- Born: April 24, 1948 (age 78)
- Education: Ohio State University
- Occupation: Businessperson
- Years active: 1983–2019
- Known for: Marketing lingerie Victoria's Secret Fashion Show

= Edward Razek =

American businessman

Edward G. Razek (born April 24, 1948) is an American businessman who was the chief marketing officer for L Brands where he developed the Victoria's Secret Angels and the company's annual fashion show. Razek joined L Brands in 1983 and resigned in 2019 after persistent public criticism for creating a culture of misogyny and harassment.

== Early life ==
Ed Razek grew up in Cleveland, Ohio, and was raised by his father a Syrian immigrant, who worked as a steel mill worker. He attended the Culver Military Academy in Indiana starting at age 12. Razek earned a degree in English at Ohio State University in the late 1960s.

== Career ==
Razek worked in advertising for several years at Shelly Berman Communicators (SBC Advertising, Inc.) in Columbus, Ohio. He was a partner with Shelly Berman and Bill Wickham at the agency. Among his early clients at Shelly Berman Communicators was the clothing retailer Les Wexner of The Limited, Inc. (later known as L Brands). In 1983, Razek left SBC and joined in-house branding operations at the Limited.

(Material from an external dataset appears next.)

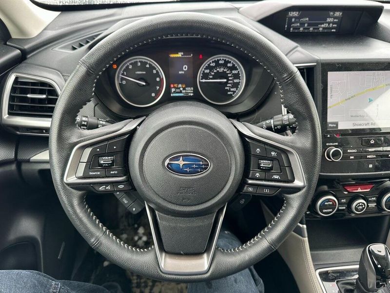 THIS VEHICLE INCLUDES THE FOLLOWING OPTIONS AND FEATURES: 6 Speakers, Air Conditioning, AM/FM radio: SiriusXM, CD player, Exterior Parking Camera Rear, Front fog lights, Heated Front Bucket Seats, Heated front seats, Navigation System, Power driver seat, Power Liftgate, Power moonroof: Panoramic, Power steering, Power windows, Radio data system, Radio: Subaru Starlink 8.0'' Multimedia Plus System, Remote keyless entry, Steering wheel mounted audio controls, 3.70 Axle Ratio, 4-Wheel Disc Brakes, ABS brakes, Alloy wheels, Auto High-beam Headlights, Automatic temperature control, Brake assist, Bumpers: body-color, Driver door bin, Driver vanity mirror, Dual front impact airbags, Dual front side impact airbags, Electronic Stability Control, Emergency communication system: STARLINK Safety and Security, Four wheel independent suspension, Front anti-roll bar, Front Bucket Seats, Front Center Armrest, Front dual zone A/C, Front reading lights, Fully automatic headlights, Heated door mirrors, Illuminated entry, Knee airbag, Leather Shift Knob, Low tire pressure warning, Occupant sensing airbag, Outside temperature display, Overhead airbag, Overhead console, Panic alarm, Passenger door bin, Passenger vanity mirror, Perforated Leather-Trimmed Upholstery, Power door mirrors, Rear anti-roll bar, Rear seat center armrest, Rear window defroster, Rear window wiper, Roof rack: rails only, Security system, Speed control, Speed-sensing steering, Split folding rear seat, Spoiler, STARLINK/Apple CarPlay/Android Auto, Tachometer, Telescoping steering wheel, Tilt steering wheel, Traction control, Trip computer, Turn signal indicator mirrors, Variably intermittent wipers, and Wheels: 18'' x 7.0J Black Machine Finish Alum Alloy.

In 1994, Wexner tasked Razek with developing a fashion show for one of the companies brands. The first fashion show took place in 1995 with the chosen brand, Victoria's Secret. A somewhat modest affair for a risqué product at first, the fashion show, under Razek, transformed into a spectacle and became an entertainment event, with peak viewership in 2001.

Razek was instrumental in selecting the brand's models, known as "Angels" and given angel wings, and creating the company's TV ads.

It later emerged that Razek was the subject of repeated complaints to the human resources department regarding inappropriate behaviour, but he continued to operate with impunity for many years.

A 2004 interview with the Columbus Monthly magazine notes his comments: “We've got beautiful women in lingerie. That's right,” he says unapologetically. “We're not a potato chip company.”

Following a November 2018 interview with Vogue, Razek received strong and sustained criticism for his marketing after he expressed an aversion to casting transgender and plus-sized models in the Victoria's Secret Fashion Show. In an era of MeToo and body positivity the backlash was severe, with calls for Razek to step down.

Victoria's Secret was also bowing under the weight of Wexner's connection to Jeffrey Epstein, following his arrest in July 2019 on charges of sex trafficking. It emerged that Epstein used his connections to Wexner and Victoria's Secret to prey on young women by posing as a recruiter. Executives had warned Wexner about this in the 1990s, but no action was taken. The business problems at Victoria's Secret soon escalated into a public crisis. In 2019, an activist shareholder, CEO James A. Mitarotonda of Barington Capital Group, L.P., criticized Razek and pressured L Brands in an open letter to update the brand image and switch up the predominantly male board of directors at the company.

===Resignation and subsequent allegations===
In response to the backlash against Razek, the company hired its first openly transgender model, Valentina Sampaio, in August 2019. Razek later apologized on social media and, in August 2019, he stepped down. In November 2019, the annual fashion show was officially cancelled after running for over two decades of production.

In 2020, The New York Times reported that Razek "presided over an entrenched culture of misogyny, bullying, and harassment". Interviews with more than 30 current and former executives, employees, contractors and models alleged that Wexner and Razek played prominent roles in cultivating the toxic environment. The shareholders of Victoria's Secret parent company, L Brands, filed a complaint in the Court of Chancery of Delaware on January 14, 2021, stating that chair Wexner and Razek, whose misconduct was "widely known", created an "entrenched culture of misogyny, bullying and harassment", which breached the directors' fiduciary duty to the company, causing devaluation of the brand.